While most stakeholders agree the shift toward value-based care is imminent, the current political environment and uncertainty surrounding healthcare reform have caused many healthcare organizations to slow or stall their efforts to prepare for risk-based medicine.

Value-Based CareA Deloitte survey found more than 80 percent of physicians still received some compensation under fee-for-service models or salary arrangements as of 2016. In comparison, physician participation in value-based care payment models only increased 5 percent in 2016 from the year prior.

Healthcare finance leaders are still taking a proactive approach to value-based care, despite this slowdown. Strengthening financial practices, especially revenue cycle responsiveness and adaptability, emerged as predominant themes during the discussion. Leaders shared current and future plans to improve financial strength, such as investing in revenue cycle management solutions to ensure their organizations can quickly and efficiently respond to and pivot amid unpredictable value-based environments.

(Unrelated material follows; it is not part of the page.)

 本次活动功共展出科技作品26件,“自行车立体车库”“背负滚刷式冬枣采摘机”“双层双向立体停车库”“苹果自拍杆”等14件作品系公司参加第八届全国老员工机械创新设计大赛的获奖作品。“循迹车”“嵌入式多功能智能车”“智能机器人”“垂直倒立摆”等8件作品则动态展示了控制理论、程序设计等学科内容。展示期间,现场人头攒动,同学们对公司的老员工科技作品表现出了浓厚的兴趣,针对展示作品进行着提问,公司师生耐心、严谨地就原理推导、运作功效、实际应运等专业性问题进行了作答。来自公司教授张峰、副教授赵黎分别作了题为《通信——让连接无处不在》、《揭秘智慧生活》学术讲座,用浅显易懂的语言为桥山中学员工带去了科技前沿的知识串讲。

Here are five strategies leaders identified during the discussion to strengthen their organization’s financial operations to better position them for value-based care.

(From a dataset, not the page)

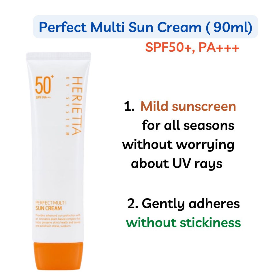 Kem chống nắng Welcos Herietta Perfect Multi Sun Cream là loại kem chống nắng có thành phần từ thảo dược. Kem được sử dụng như kem lót đa năng giúp bảo vệ da khỏi tác động xấu của ánh nắng mặt trời, và là lớp màng ngăn cách bảo vệ da khỏi lớp trang điểm

  1. Centralize billing systems.
  2. Foster strong payer relationships.
  3. Understand how you’re paid and how you collect.
  4. Create a single, integrated budget.
  5. Use technology to streamline the process.

The survey findings suggest that, to stimulate the adoption of value-based care and support physicians in delivering on the “Triple Aim,”3 —lower cost, better health, and improved patient experiences—a combination of financial incentives and data-driven tools and capabilities may help. Specifically, organizations could seek to:

  • Tie physician compensation to performance
  • Equip physicians with the right tools to help them meet performance goals
  • Invest in technology capabilities to connect and integrate the tools

Adopting a best-of-breed revenue cycle management solution can help healthcare organizations increase revenue capture and drive out cost to smooth the future transition from volume to value. As healthcare organizations enter more value-based contracts, they must be ready to meet any and all requirements for reimbursement, which will differ by payer. Hospitals and health systems can use a revenue cycle management solution to gain the level of flexibility and preparedness needed to manage a diverse pool of payer needs and ultimately maximize revenues.

While most stakeholders agree the shift toward value-based care is imminent, the current political environment and uncertainty surrounding healthcare reform have caused many healthcare organizations to slow or stall their efforts to prepare for risk-based medicine.